SINGAPORE, April 10 (Reuters) - Singapore has suspended the use of video-conferencing tool Zoom by teachers, its education ministry said on Friday, after “very serious incidents” occurred in the first week of a coronavirus lockdown that has seen schools move to home-based learning.
One of the incidents involved obscene images appearing on screens and strange men making lewd comments during the streaming of a geography lesson with teenage girls, according to local media reports.
Zoom Video Communications Inc ZM.O has been plagued with safety and privacy concerns about its conferencing app which has seen a surge in usage as offices and schools around the world shut to try curb coronavirus infections.
“These are very serious incidents. MOE (Ministry of Education) is currently investigating both breaches and will lodge a police report if warranted,” said Aaron Loh of the ministry’s educational technology division, without detailing the incidents.

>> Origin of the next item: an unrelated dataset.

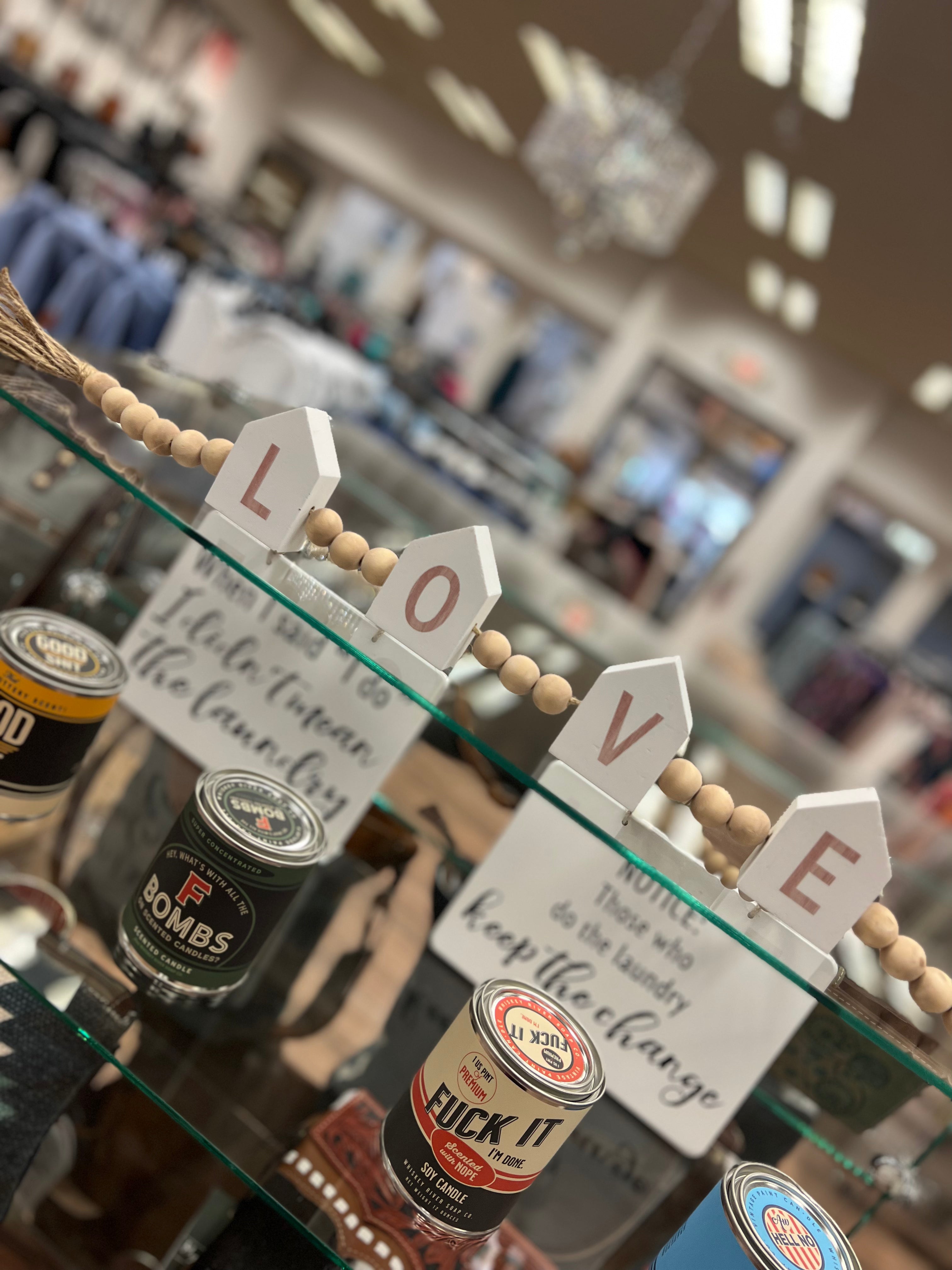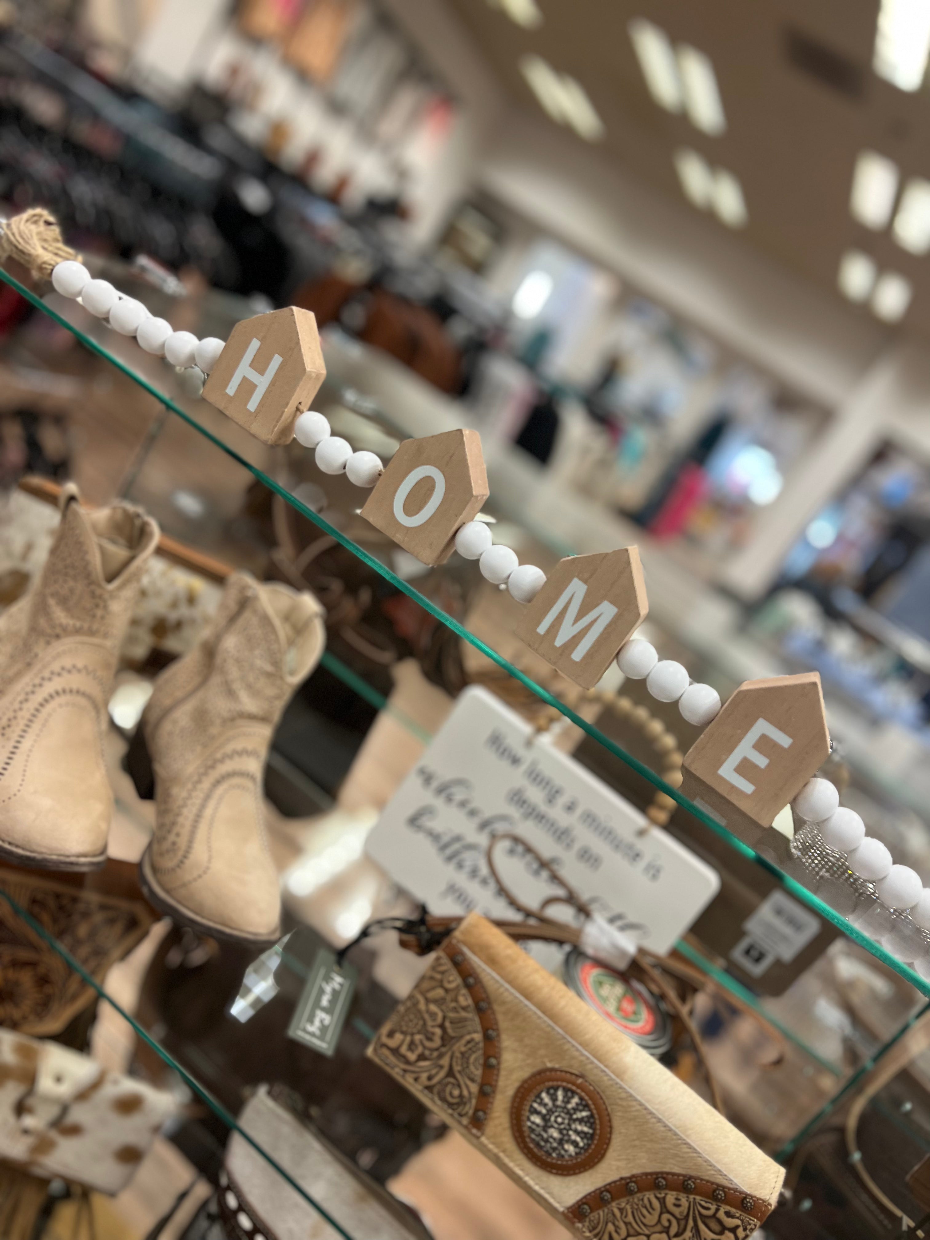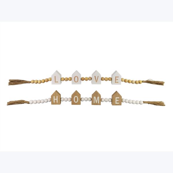 - Wood blessing beads with tassel ends tabletop sign that comes in either Love or Home

“As a precautionary measure, our teachers will suspend their use of Zoom until these security issues are ironed out.”
Loh said that they would further advise teachers on security protocols such as requiring secure log-ins and not sharing the meeting link beyond the students in the class.
Taiwan and Germany have already put restrictions on Zoom’s use, while Alphabet Inc’s Google banned the desktop version of Zoom from corporate laptops on Wednesday. The company also faces a class-action lawsuit.
Concerns have grown over its lack of end-to-end encryption of meeting sessions, routing of traffic through China and “zoombombing” when uninvited guests crash meetings.
Officials at Berkeley High School in California said they suspended use of the app after a “naked adult male using racial slurs” intruded on what the school said was a password-protected meeting on Zoom, according to a letter to parents seen by Reuters.